▶ [Material provided]:
------------------------

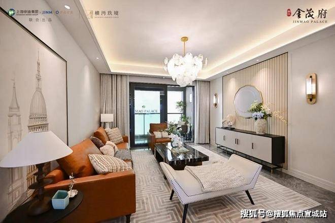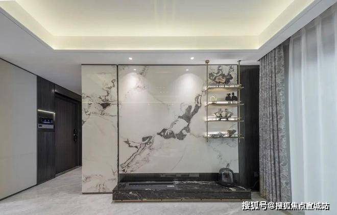✅✅张江金茂府售楼处电话:400-8862-334✅✅金茂定制壁布/墙纸:结合芬迪白岩板打造的客厅背景墙,营造独特的归家氛围。
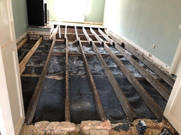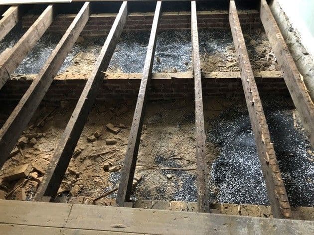 In onderstaand voorbeeld is te zien wat bewoners aantroffen tijdens de verbouwing van hun huis. De HR++ Isolatieparels waren niet evenredig onder de vloer verdeeld. De voorste zones onder de vloer waren wel gevuld, maar achterin helaas niet. Op de foto's is te zien dat dit waarschijnlijk kwam door de tussenmuren onder de vloer. Zorg er dus voor dat de parels een mogelijkheid hebben om zich onder uw totale vloer te verspreiden.
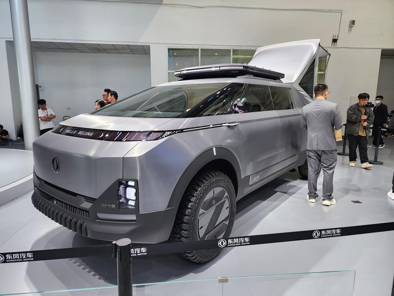 The second photo shows us the vehicle from the front and side, revealing a flat, high front hood, topped with a sloping windshield. The front part is dominated by an imposing grille and rectangular headlights, framing the logo which also reads “HELLO BEIJING”. The front fender is raised, presumably to reveal the engine compartment or storage space, which is typical of electric vehicles that don’t need a large engine compartment up front. The people around the vehicle add to the atmosphere of display and discovery.
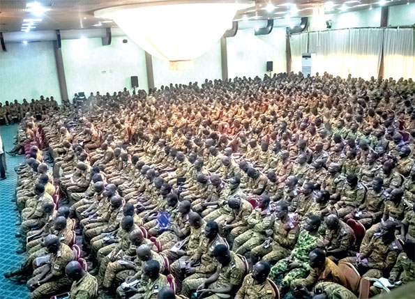 Pour le chef d’Etat-major général des Armées, le général de brigade Célestin Simporé, le terrorisme est monté de toutes pièces par les intelligences qui ne veulent pas l’épanouissement de nos pays et de nos peuples. Pour ce faire, « il est impérieux de se mettre ensemble pour sauver ce que nous avons de commun, notre pays », a soutenu le général de Brigade Simporé. Selon le chef d’Etat-major général des Armées, en 2023, l’armée a vu ses effectifs se renforcer par un recrutement massif de militaires toutes catégories confondues et de Volontaires pour la défense de la patrie. « En termes de maillage du territoire, notre pays est passé de trois régions militaires à 6 régions et nous sommes en train d’aller à 25 Bataillons d’interventions rapides (BIR) », a soutenu le général de brigade Simporé qui a relevé les efforts d’acquisition de moyens aériens pour soutenir les troupes au sol. Au cours des échanges, le personnel militaire a apprécié les efforts fournis en matière d’acquisition de matériel de combat et en matière de motivation des éléments sur le terrain. Rassurés des réponses apportées par la hiérarchie aux quelques préoccupations soulevées, le personnel militaires et les VDP ont renouvelé leur engagement à combattre l’ennemi, libérer le pays et permettre un retour des personnes déplacées internes dans leurs localités d’origine.
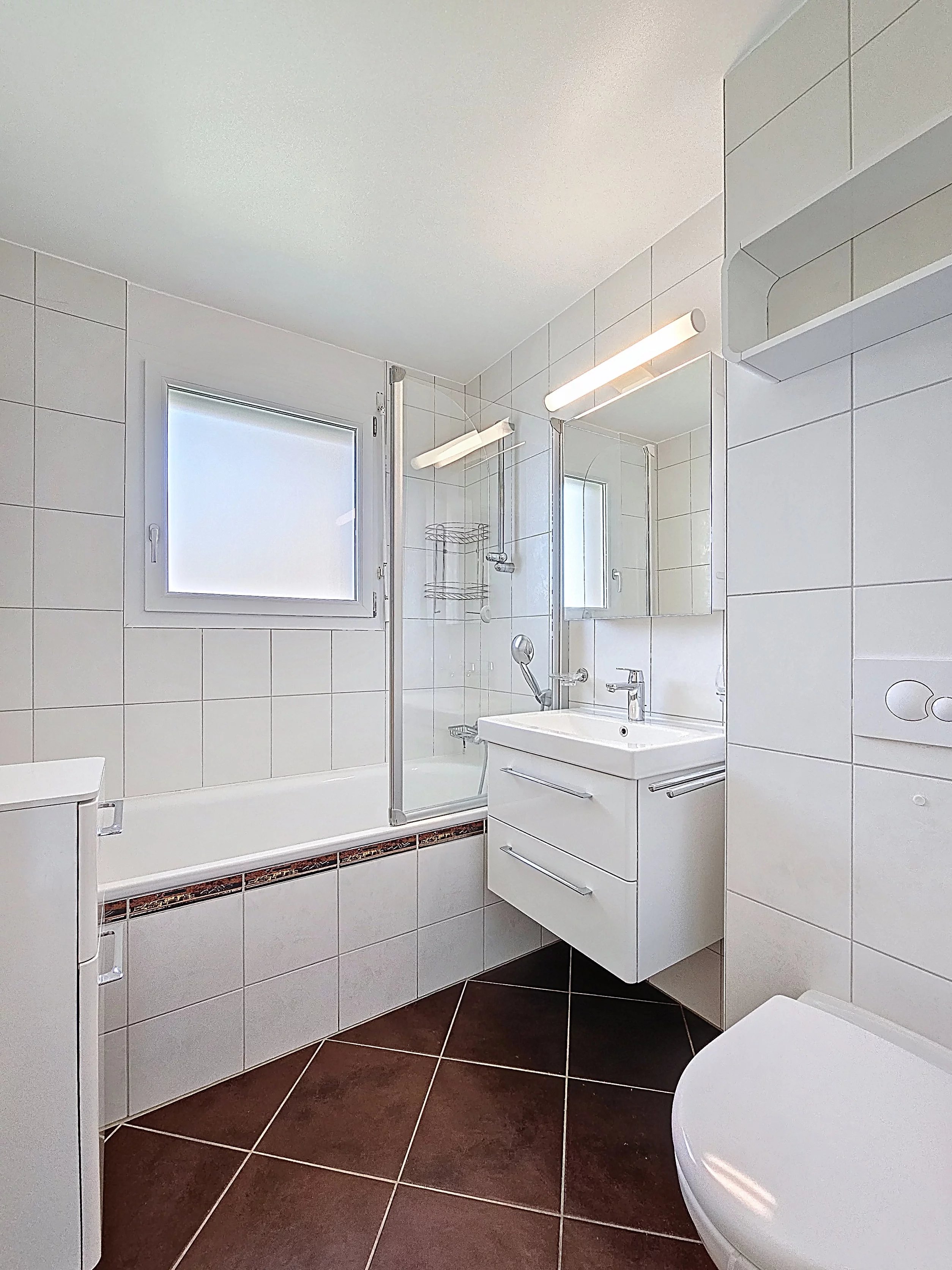 The neighborhood is green and family-friendly, close to shops, amenities, schools, highways, and the « Riviera Chablais » hospital.
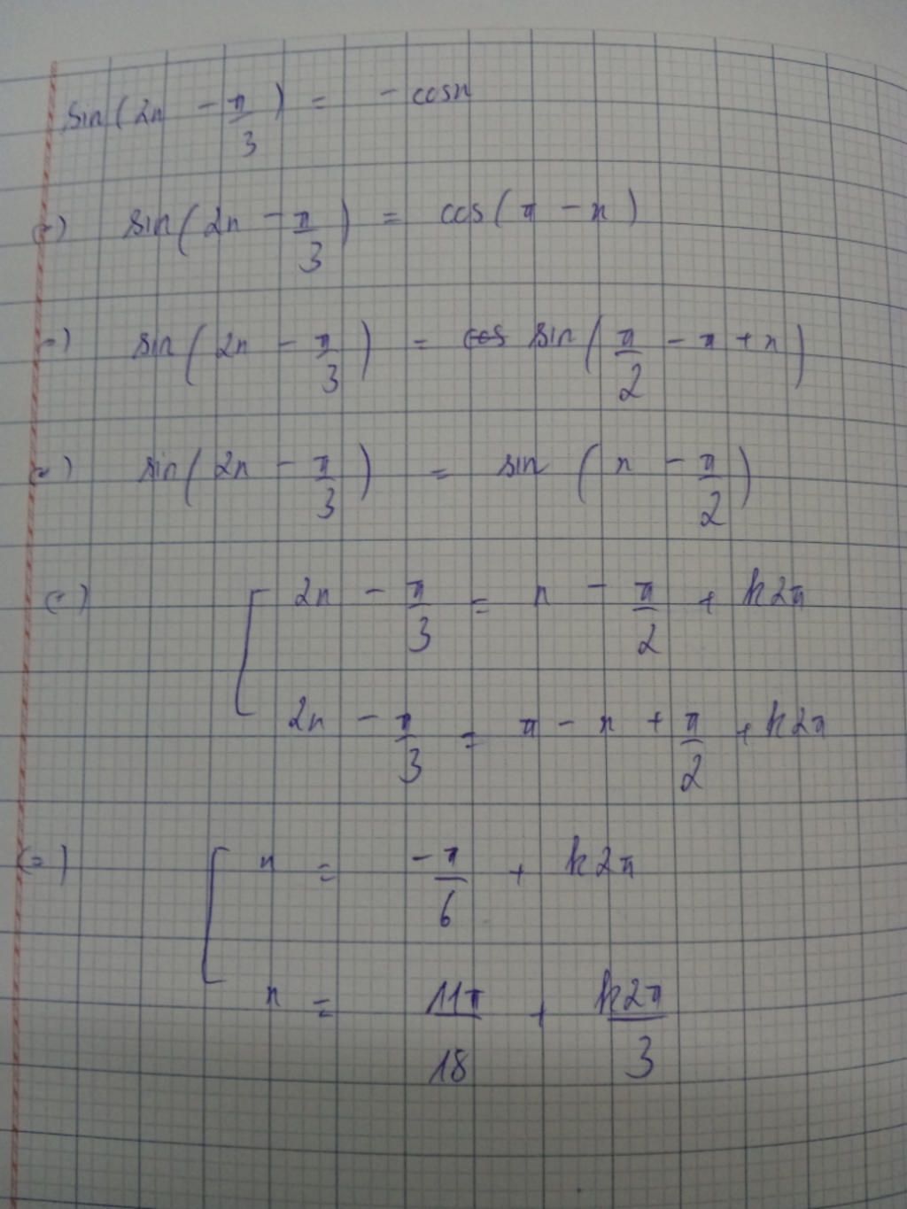 ⇔\(\left[ \begin{array}{l}2x-\frac{\pi}3=x-\frac\pi2+k2\pi\\2x-\frac{\pi}3=\pi-x+\frac{\pi}2+k2\pi\end{array} \right.\)

------------------------

▶ [Assignment]: What is needed is an exact repeat of every entry above, with the pictures left out.

▶ [Answer space]:
✅✅张江金茂府售楼处电话:400-8862-334✅✅金茂定制壁布/墙纸:结合芬迪白岩板打造的客厅背景墙,营造独特的归家氛围。
 In onderstaand voorbeeld is te zien wat bewoners aantroffen tijdens de verbouwing van hun huis. De HR++ Isolatieparels waren niet evenredig onder de vloer verdeeld. De voorste zones onder de vloer waren wel gevuld, maar achterin helaas niet. Op de foto's is te zien dat dit waarschijnlijk kwam door de tussenmuren onder de vloer. Zorg er dus voor dat de parels een mogelijkheid hebben om zich onder uw totale vloer te verspreiden.
 The second photo shows us the vehicle from the front and side, revealing a flat, high front hood, topped with a sloping windshield. The front part is dominated by an imposing grille and rectangular headlights, framing the logo which also reads “HELLO BEIJING”. The front fender is raised, presumably to reveal the engine compartment or storage space, which is typical of electric vehicles that don’t need a large engine compartment up front. The people around the vehicle add to the atmosphere of display and discovery.
 Pour le chef d’Etat-major général des Armées, le général de brigade Célestin Simporé, le terrorisme est monté de toutes pièces par les intelligences qui ne veulent pas l’épanouissement de nos pays et de nos peuples. Pour ce faire, « il est impérieux de se mettre ensemble pour sauver ce que nous avons de commun, notre pays », a soutenu le général de Brigade Simporé. Selon le chef d’Etat-major général des Armées, en 2023, l’armée a vu ses effectifs se renforcer par un recrutement massif de militaires toutes catégories confondues et de Volontaires pour la défense de la patrie. « En termes de maillage du territoire, notre pays est passé de trois régions militaires à 6 régions et nous sommes en train d’aller à 25 Bataillons d’interventions rapides (BIR) », a soutenu le général de brigade Simporé qui a relevé les efforts d’acquisition de moyens aériens pour soutenir les troupes au sol. Au cours des échanges, le personnel militaire a apprécié les efforts fournis en matière d’acquisition de matériel de combat et en matière de motivation des éléments sur le terrain. Rassurés des réponses apportées par la hiérarchie aux quelques préoccupations soulevées, le personnel militaires et les VDP ont renouvelé leur engagement à combattre l’ennemi, libérer le pays et permettre un retour des personnes déplacées internes dans leurs localités d’origine.
 The neighborhood is green and family-friendly, close to shops, amenities, schools, highways, and the « Riviera Chablais » hospital.
 ⇔\(\left[ \begin{array}{l}2x-\frac{\pi}3=x-\frac\pi2+k2\pi\\2x-\frac{\pi}3=\pi-x+\frac{\pi}2+k2\pi\end{array} \right.\)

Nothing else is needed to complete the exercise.